### Exercise description
Give back exactly the line containing "<B>1873 $20 Open" and all that follow it in the data below, with the pictures left out.

### Stored data
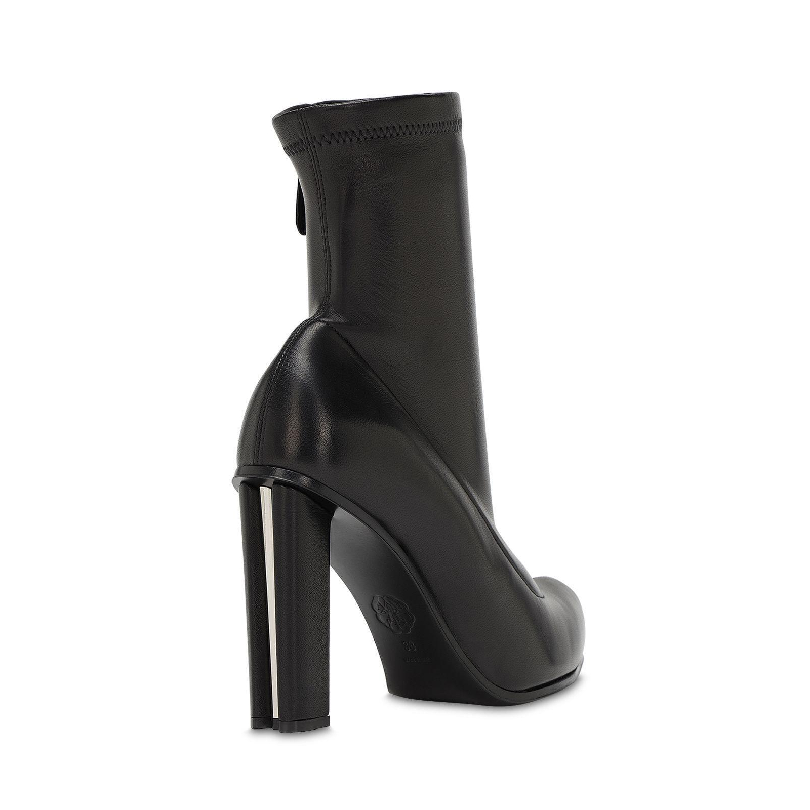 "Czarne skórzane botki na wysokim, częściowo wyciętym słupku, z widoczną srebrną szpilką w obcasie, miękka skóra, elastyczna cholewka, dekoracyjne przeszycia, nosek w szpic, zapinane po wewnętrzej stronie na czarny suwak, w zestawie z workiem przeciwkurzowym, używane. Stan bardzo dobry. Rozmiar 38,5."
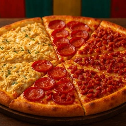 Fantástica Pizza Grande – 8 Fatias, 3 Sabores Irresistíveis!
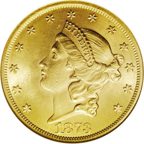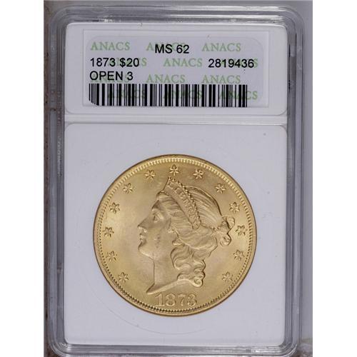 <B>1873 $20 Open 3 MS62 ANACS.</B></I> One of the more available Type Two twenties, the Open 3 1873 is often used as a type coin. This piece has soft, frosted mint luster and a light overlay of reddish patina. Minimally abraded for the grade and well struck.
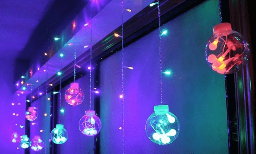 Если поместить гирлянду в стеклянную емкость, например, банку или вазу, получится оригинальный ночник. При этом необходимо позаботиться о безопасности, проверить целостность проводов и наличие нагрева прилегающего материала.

### Completed exercise
 <B>1873 $20 Open 3 MS62 ANACS.</B></I> One of the more available Type Two twenties, the Open 3 1873 is often used as a type coin. This piece has soft, frosted mint luster and a light overlay of reddish patina. Minimally abraded for the grade and well struck.
 Если поместить гирлянду в стеклянную емкость, например, банку или вазу, получится оригинальный ночник. При этом необходимо позаботиться о безопасности, проверить целостность проводов и наличие нагрева прилегающего материала.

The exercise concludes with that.